Background: 

The influence and importance of B-type natriuretic peptide in acute myocardial infarction has for many years been ignored, and BNP has been underestimated as only a predictor of heart failure. Since it has recently been shown that exogenously administered BNP can reduce infarct size when delivered before, during and after ischemia, a study of BNPpostconditioning and mechanism in the ischemic myocardium was investigated.

Aim: 

Determine whether postconditioning with BNP reduced infarct size compared to ischemic reperfused hearts and determine if natriuretic peptide receptor A (NPR-A) and/or the RISK pathway is necessary for the protection.

Methods: 

The Langendorff perfused rat heart subjected to 30 min of regional ischemia (RI) and 120 min of reperfusion were exposed to Ischemic Postconditioning (IPost) by 3 x 30 s of global ischemia and 3 x 30 s infusion of recombinant BNP as a postconditioning mimetic (BNPPost).

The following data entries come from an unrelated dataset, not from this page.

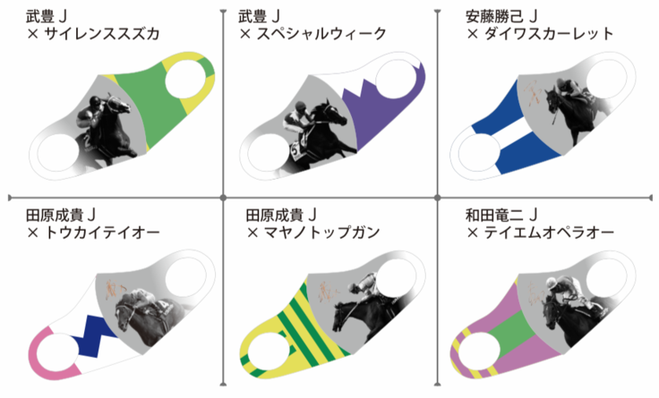 名馬デザインマスクシリーズの第三弾です。トウカイテイオーとマヤノトップガンは田原成貴騎手、ダイワスカーレットは安藤勝己騎手、 テイエムオペラオーは和田竜二騎手の箔押しプリントサイン入り他にもサイレンススズカやスペシャルウィークといった伝説の名馬も参戦!
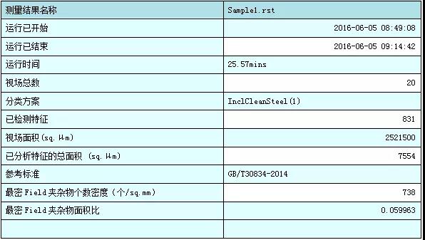 通过结果分析可以看出,采集夹杂物最小尺寸为1μm,在保证每个点至少有60000个计数的基础上,该区域共831个颗粒,扫描时间只需要25min,保证准确率的基础上效率非常高。通过OTS自带的标准库自动将夹杂物进行分类,结果显示大部分的析出相为NbC(N),平均尺寸大约为3微米,分布不是非常均匀,有的区域分布有一定的方向性,呈条状分布,因此为了提高强度和塑性,还需要进一步改善工艺,降低微米级NbC(N)的含量,同时使其更均匀的分布。
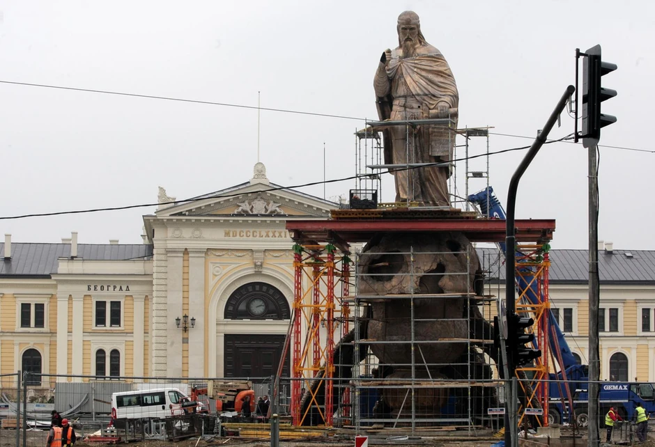 Spomenik Stefanu Nemanji, visok 23 metra i težak 68 tona, najvećim delom je postavljen na Savskom trgu, ali će radovi na njemu biti nastavljeni do kraja godine.

Inhibitors of the RISK pathway (wortmannin (Wi), SH-6 and rapamycin (Rap) and NPR-A (isatin) were employed in order determine whether the activation of these pathways are required for BNP induced cardioprotection.

Results: 

Compared to ischemia reperfusion, BNP postconditioning reduced infarct sizes by more than 50% (BNPPost 17 ±2% vs. Ctr 42 ±4%, p< 0.05). Co-administation of inhibitors the RISK pathway (Wi, SH-6 and Rap) or the NPR receptor (isatin) abrogated the cardioprotection, while the inhibitors by themselves had no effect on the size of infarct.

Conclusion: 

BNP is protective as a postconditioning mimetic and relies on both NPR binding and RISK signalling.